[Data excerpts]
------------------------------------

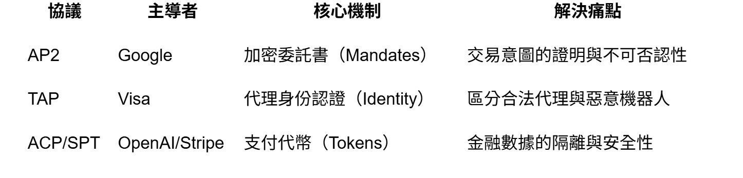 這三種協議並非完全互斥,未來很可能形成「堆疊」關係:TAP 驗證代理身份(這個 AI 是誰?可信嗎?)、AP2 記錄用戶授權(用戶真的同意了嗎?)、ACP/SPT 執行具體交易(怎麼完成這筆買賣?)。
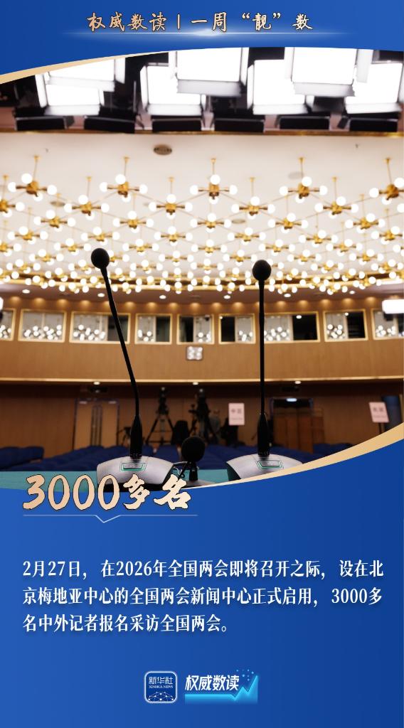 2月27日,全国两会新闻中心正式启用,3000多名中外记者报名采访全国两会;春节假期9天,全社会跨区域人员流动量为28.08亿人次;2025年全国环境空气质量实现历史最优……本周,这些数据最值得关注!
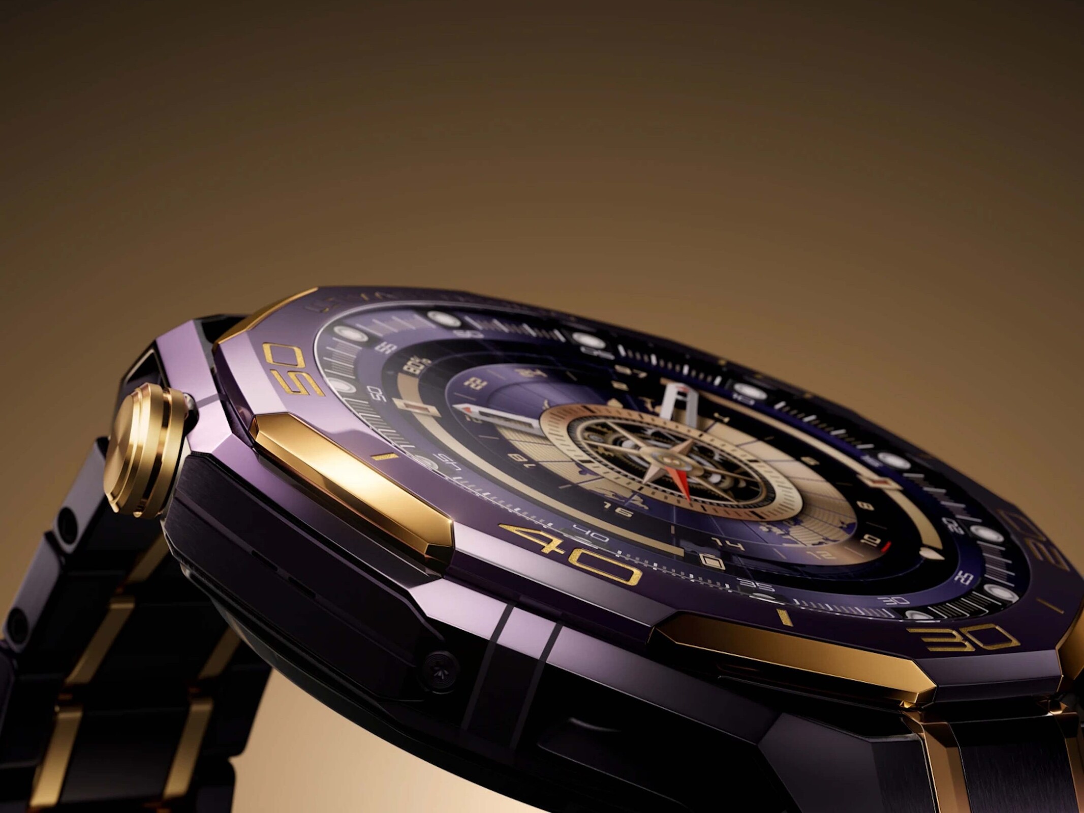 Корпус часов изготовлен из жидкого циркониевого сплава с полой структурой, что обеспечивает сочетание прочности и лёгкости. Дисплей защищён сапфировым стеклом. В комплекте идёт ремешок из титанового сплава в фиолетово-золотом оттенке.
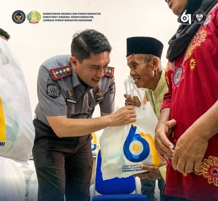 KARAWANG | BEKASIHARIINI.CLICK | Dalam rangka memperingati Hari Bakti Pemasyarakatan ke-61, Lembaga Pemasyarakatan (Lapas) Kelas IIA Karawang menyalurkan 148 paket bantuan sosial kepada masyarakat sekitar dan keluarga warga binaan, Senin (14/4/2025).
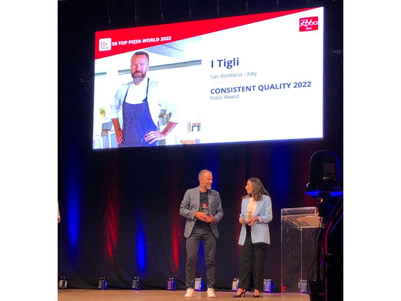 Simone Padoan, titolare de I Tigli a San Bonifacio (VR) è salito sul palco per ritirare il Consistensy and Quality Global Robo Award, riconoscimento assegnato per aver mantenuto un’offerta di altissima qualità per oltre vent’anni (quasi 30 ormai nel caso di Simone Padoan).“È ciò che facciamo da quasi 30 anni: garantire qualità, senza mai scendere a compromessi – ha dichiarato sul palco Simone Padoan – Questo è il nostro modo di fare pizza e di interpretare il mondo. Fare e fare bene per noi è una filosofia imprescindibile, quando arrivano i momenti di crisi, testa bassa e pedalare”.

------------------------------------

= TASK TO COMPLETE =
Give the records a second time exactly, keeping the images out.

= THE COMPLETED TASK =
 這三種協議並非完全互斥,未來很可能形成「堆疊」關係:TAP 驗證代理身份(這個 AI 是誰?可信嗎?)、AP2 記錄用戶授權(用戶真的同意了嗎?)、ACP/SPT 執行具體交易(怎麼完成這筆買賣?)。
 2月27日,全国两会新闻中心正式启用,3000多名中外记者报名采访全国两会;春节假期9天,全社会跨区域人员流动量为28.08亿人次;2025年全国环境空气质量实现历史最优……本周,这些数据最值得关注!
 Корпус часов изготовлен из жидкого циркониевого сплава с полой структурой, что обеспечивает сочетание прочности и лёгкости. Дисплей защищён сапфировым стеклом. В комплекте идёт ремешок из титанового сплава в фиолетово-золотом оттенке.
 KARAWANG | BEKASIHARIINI.CLICK | Dalam rangka memperingati Hari Bakti Pemasyarakatan ke-61, Lembaga Pemasyarakatan (Lapas) Kelas IIA Karawang menyalurkan 148 paket bantuan sosial kepada masyarakat sekitar dan keluarga warga binaan, Senin (14/4/2025).
 Simone Padoan, titolare de I Tigli a San Bonifacio (VR) è salito sul palco per ritirare il Consistensy and Quality Global Robo Award, riconoscimento assegnato per aver mantenuto un’offerta di altissima qualità per oltre vent’anni (quasi 30 ormai nel caso di Simone Padoan).“È ciò che facciamo da quasi 30 anni: garantire qualità, senza mai scendere a compromessi – ha dichiarato sul palco Simone Padoan – Questo è il nostro modo di fare pizza e di interpretare il mondo. Fare e fare bene per noi è una filosofia imprescindibile, quando arrivano i momenti di crisi, testa bassa e pedalare”.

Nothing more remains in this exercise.